[[ RECORDED DATA, beginning ]]

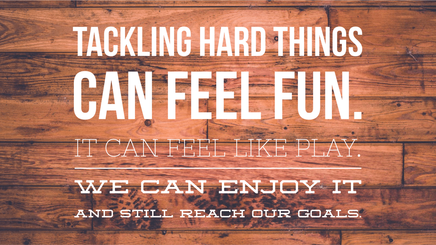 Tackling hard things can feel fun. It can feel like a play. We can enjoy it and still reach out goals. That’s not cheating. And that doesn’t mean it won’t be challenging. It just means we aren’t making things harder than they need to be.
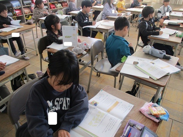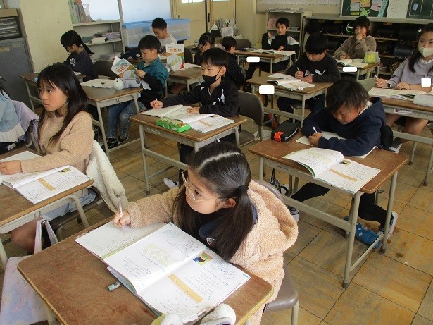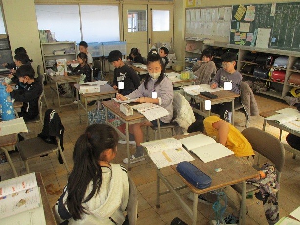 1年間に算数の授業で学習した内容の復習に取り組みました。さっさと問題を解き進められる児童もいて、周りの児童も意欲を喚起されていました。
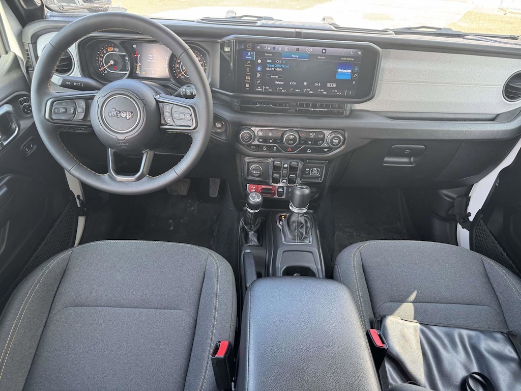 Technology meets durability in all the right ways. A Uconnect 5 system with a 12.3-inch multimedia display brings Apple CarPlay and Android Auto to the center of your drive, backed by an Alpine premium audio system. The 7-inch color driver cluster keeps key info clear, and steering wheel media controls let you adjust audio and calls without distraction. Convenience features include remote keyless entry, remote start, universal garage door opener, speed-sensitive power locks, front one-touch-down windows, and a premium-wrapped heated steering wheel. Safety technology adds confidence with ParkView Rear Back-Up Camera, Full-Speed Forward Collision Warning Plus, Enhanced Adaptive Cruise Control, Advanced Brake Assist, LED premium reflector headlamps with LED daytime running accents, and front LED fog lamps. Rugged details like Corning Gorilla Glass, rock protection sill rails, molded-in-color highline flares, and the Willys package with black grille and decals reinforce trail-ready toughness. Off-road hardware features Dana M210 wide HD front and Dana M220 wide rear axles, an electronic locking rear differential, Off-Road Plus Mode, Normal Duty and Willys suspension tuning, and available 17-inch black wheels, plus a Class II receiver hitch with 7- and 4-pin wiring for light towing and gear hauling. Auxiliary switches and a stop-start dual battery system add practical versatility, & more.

[[ RECORDED DATA, end ]]

PROBLEM STATEMENT:
Print the listing verbatim; no pictures.

PROBLEM SOLUTION:
 Tackling hard things can feel fun. It can feel like a play. We can enjoy it and still reach out goals. That’s not cheating. And that doesn’t mean it won’t be challenging. It just means we aren’t making things harder than they need to be.
 1年間に算数の授業で学習した内容の復習に取り組みました。さっさと問題を解き進められる児童もいて、周りの児童も意欲を喚起されていました。
 Technology meets durability in all the right ways. A Uconnect 5 system with a 12.3-inch multimedia display brings Apple CarPlay and Android Auto to the center of your drive, backed by an Alpine premium audio system. The 7-inch color driver cluster keeps key info clear, and steering wheel media controls let you adjust audio and calls without distraction. Convenience features include remote keyless entry, remote start, universal garage door opener, speed-sensitive power locks, front one-touch-down windows, and a premium-wrapped heated steering wheel. Safety technology adds confidence with ParkView Rear Back-Up Camera, Full-Speed Forward Collision Warning Plus, Enhanced Adaptive Cruise Control, Advanced Brake Assist, LED premium reflector headlamps with LED daytime running accents, and front LED fog lamps. Rugged details like Corning Gorilla Glass, rock protection sill rails, molded-in-color highline flares, and the Willys package with black grille and decals reinforce trail-ready toughness. Off-road hardware features Dana M210 wide HD front and Dana M220 wide rear axles, an electronic locking rear differential, Off-Road Plus Mode, Normal Duty and Willys suspension tuning, and available 17-inch black wheels, plus a Class II receiver hitch with 7- and 4-pin wiring for light towing and gear hauling. Auxiliary switches and a stop-start dual battery system add practical versatility, & more.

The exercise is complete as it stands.